明らかに不満を隠せない様子の者も少なくなかったが、父であり祖である存在の言葉に反してまで我を通そうとする者はいなかった。
《この領域があの者によって亡びるのなら、そのままにしておきなさい。あの者にはそれが赦される》
「お言葉ですが父上! この“座”には多くの同胞がおります! ここを逐われては彼らの生きる術がありません!」
「神聖なる我らが庭に土足で押し入ってきたのは彼ら! 我らが何故あの者たちの思惑通りに逃げ散らなければならないのですか!?」
先ほどまで鉾先を向けられ、身を縮こませていた者たちが一斉に反発する。
その様子にオオアワとオオヤマが呆れたような表情を浮かべ、カトリが頭を抱える。心底、気絶させておけば良かったと後悔した。

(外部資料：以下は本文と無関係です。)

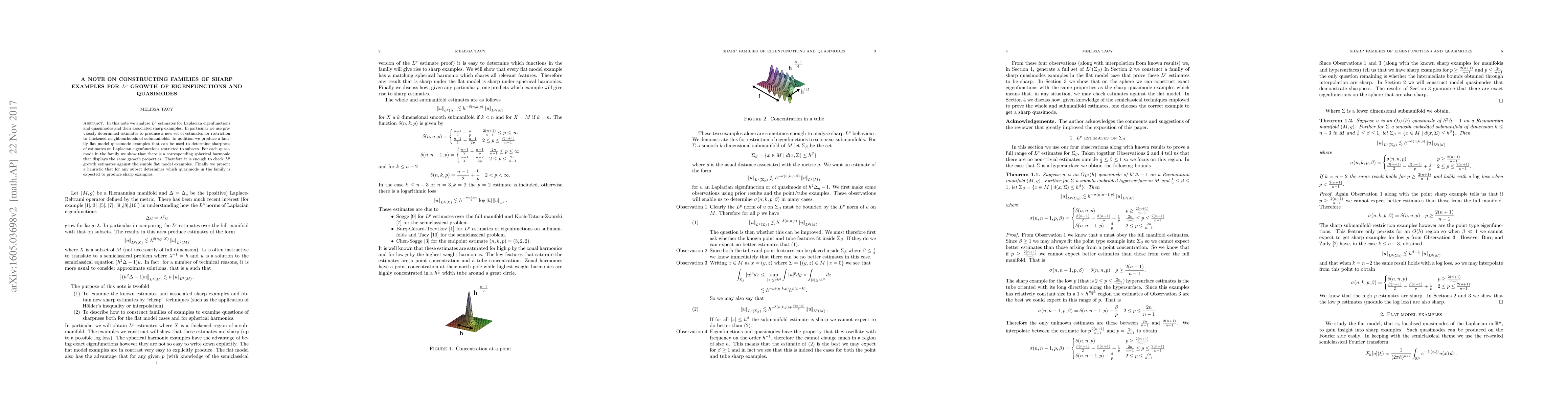 In this note we analyse $L^{p}$ estimates for Laplacian eigenfunctions and quasimodes and their associated sharp examples. In particular we use previously determined estimates to produce a new set of estimates for restriction to thickened neighbourhoods of submanifolds. In addition we produce a family flat model quasimode examples that can be used to determine sharpness of estimates on Laplacian eigenfunctions restricted to subsets. For each quasimode in the family we show that there is a corresponding spherical harmonic that displays the same growth properties. Therefore it is enough to check $L^{p}$ growth estimates against the simple flat model examples. Finally we present a heuristic that for any subset determines which quasimode in the family is expected to produce sharp examples.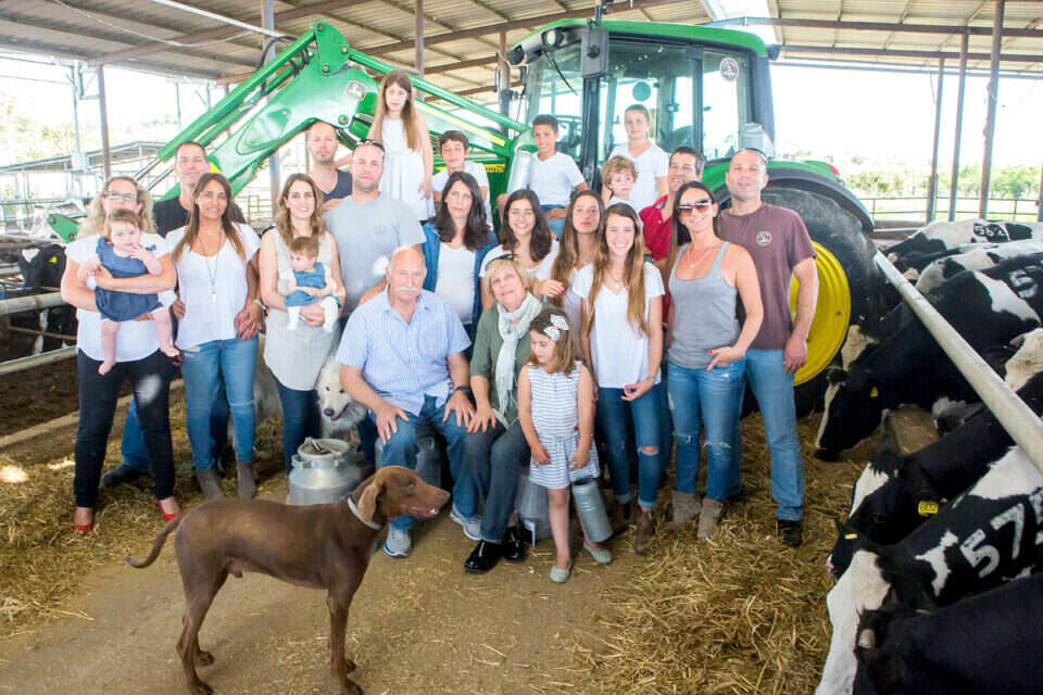 וכשהתקהלו כולם בחצר הרפת לצילום משפחתי, שלמה ורוני, הבנים והכלות ו־12 הנכדים נראו כמו קיבוץ קטן משל עצמו. הסתכלתי בשלמה היושב ביניהם, איש שקט עם שפם, שהדיוקן שלו מוטבע על חלק מגבינות המחלבה, שידע זיעה כל ימיו ורואה ברכה גדולה בעמלו, ובני ביתו המקיפים אותו עכשיו שמים בעיניו בת שחוק.

《この庭を造り、わたしに献上してくれたのはあの子です。わたしはあの子を一度見捨てました。声さえ出せぬほどに弱り切っていたとはいえ、わたしの声を聞くことのできるアチたちに直接働きかけることも不可能ではなかった。それでも、わたしはなにもしなかった》
「あの者が招いた結果に過ぎませぬ! 父上が気に病むことなどなにひとつありましょうや!」
《そなたのような息子を残してしまった。それだけでも亡ぼされるに足るのです。姉を嫉むのは仕方がありません。あの子は優秀だった。わたしの予備機であり、可動直後に機能を停止した妻の、その素体をそのまま用いた唯一の一・五世代。いえ、性能だけならばわたしさえ凌駕する最後の機体。わたしの模倣品であるあなたたちに勝てる相手ではなかった》
「――!?」
祠の声に対する反応は真っ二つに分かれた。
事実を知っていたか、知らなかったか。そのふたつだ。
《あの子が最終統合兵器の下へ嫁ぐのは、運命のようなもの。本来わたしとあの子の素体は、彼の支援機として設計、製造され、しかし融合によってその価値を失い。環境管理機構の管理者へと転用されたに過ぎないのです》
「父上が、あの者に膝を屈するために作られたと仰るか!?」
《あの時代、どちらが上位などということはありません。誰もが自分にできることをその機能の限り行ったのです。今、戦闘機械として認識されている者たちの大半も、その設計段階は単なる作業機械に過ぎません。ただ、この世界ともうひとつの世界を可能な限り安定した状態で融合させるための存在だったのです》
世界が安定するまであらゆる外敵から守護するための存在。
融合し、不安定化した世界を再構成するための存在。
再構成された世界に恒久安定をもたらす法則を作り、それを管理する存在。
そして、再び世界が不安定化した際、総ての概念と法則を壊し、作り直すための存在。
幾星霜の後、ひとつめは始祖龍と呼ばれ、ふたつめは神と呼ばれ、みっつめは四界と呼ばれ、四つめは概念兵器と呼ばれるようになる。
「では、父上はこのまま座して亡びよと?」
カトリはそれが父の意思ならば従うつもりだった。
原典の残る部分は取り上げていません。